Skip to content

Excessive memory consumption of restore_cache helper script.

Summary

The restore_cache helper script is Killed because it consumes too much memory. We have had to up some projects' helper_memory_request and helper_memory_limit to 8 GiB to make them restore the build cache without corruption.
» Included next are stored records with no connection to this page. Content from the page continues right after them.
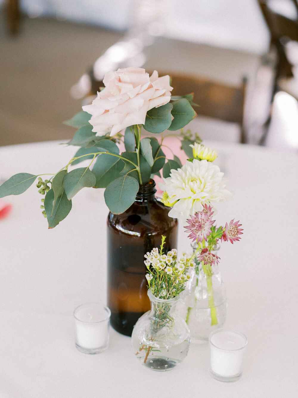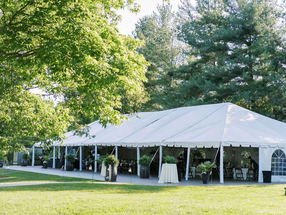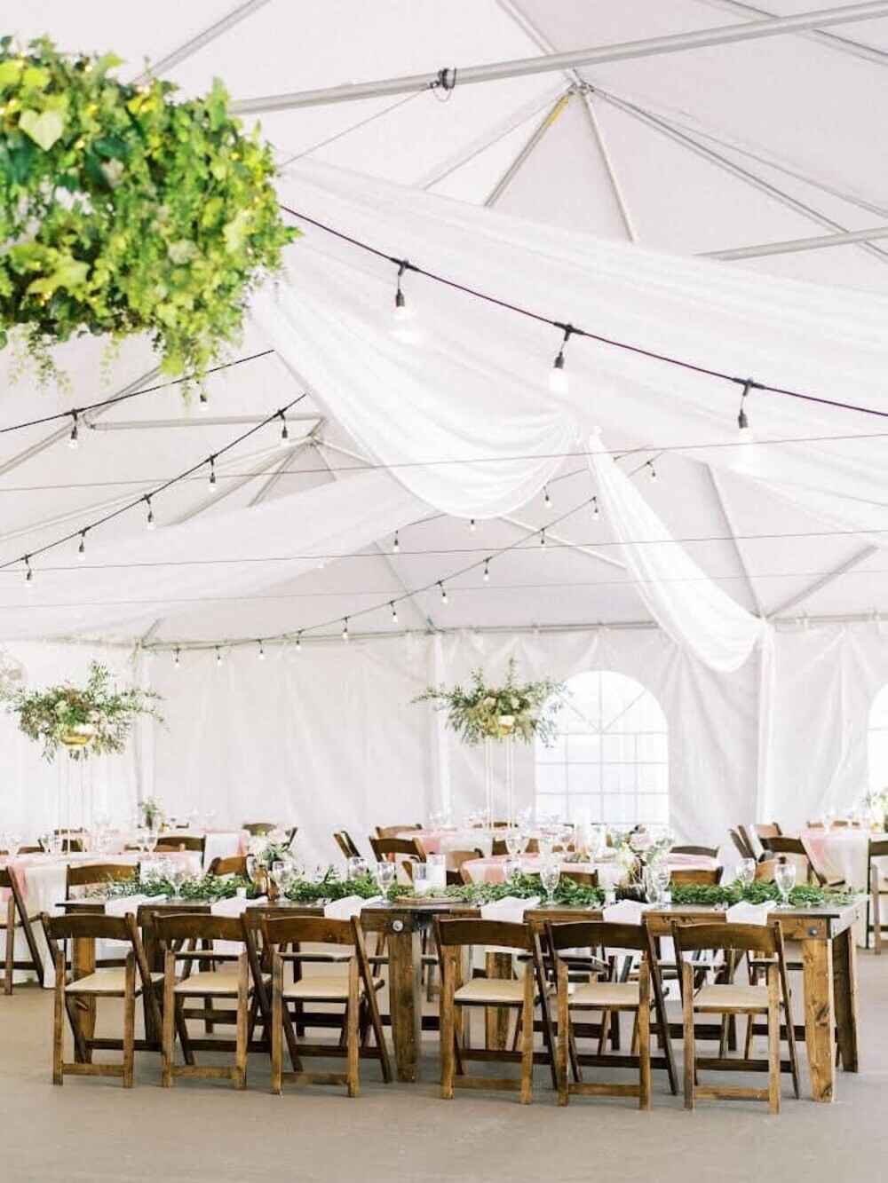 The wedding’s aesthetic was elevated with market lights, drapery, and hanging greenery chandeliers, which softened the look of the tent and created an inviting ambiance. The use of both round and rectangular tables provided ample walking room and a visually appealing setup. Ivory linens and mauve napkins added a touch of elegance that tied the whole look together.
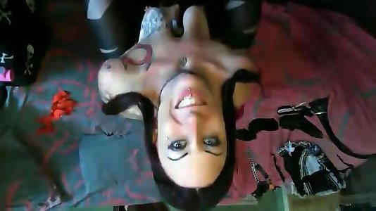 Enormous boobies purple hair teenage gives blow dt on cam
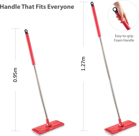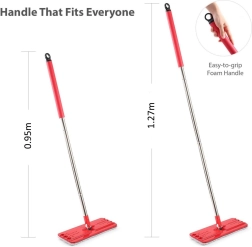 Set je izrađen od izdržljive plastike i spreman je za različite površine uključujući drvene podove, pločice i keramiku. Teleskopska šipka u rasponu 95–127 cm prilagođava se vašoj visini i tipu čišćenja. U pakiranju su 2 zamjenske navlake od mikrovlakana koje učinkovito zadržavaju prašinu i sasušenu nečistoću te se lako održavaju.

Others were still failing even with 8 GiB and we decided to recommend to disable the build cache to those maintainers because we don't want to start nodes with that much memory.

Steps to reproduce

  1. Build any project that ends up generating a large build cache (>> 1GiB, a Gradle, Scala, or Java project comes to mind).
  2. Retry the build to have the restore_cache script restore the cache from S3.
  3. Watch the script get Killed. 3.1. Watch the build fail because the cache on disk is corrupted.

What is the current bug behavior?

For example, Gradle will error out with a zip END header not found error message due to a corrupted jar file.

What is the expected correct behavior?

  1. The restore_cache script ought not to consume so much memory that it gets killed by the OS.
  2. If the restore_cache script is killed by OS, the job ought to fail as it leads to corrupted files.

Relevant logs and/or screenshots

/scripts-31249723-3162629342/restore_cache: line 167:   117 Killed                  '/usr/bin/gitlab-runner-helper' "cache-extractor" "--file" "---REDACTED---/cache.zip" "--timeout" "10" "--url" "https://---REDACTED---"

Output of checks

Possible fixes

¯\_(ツ)_/¯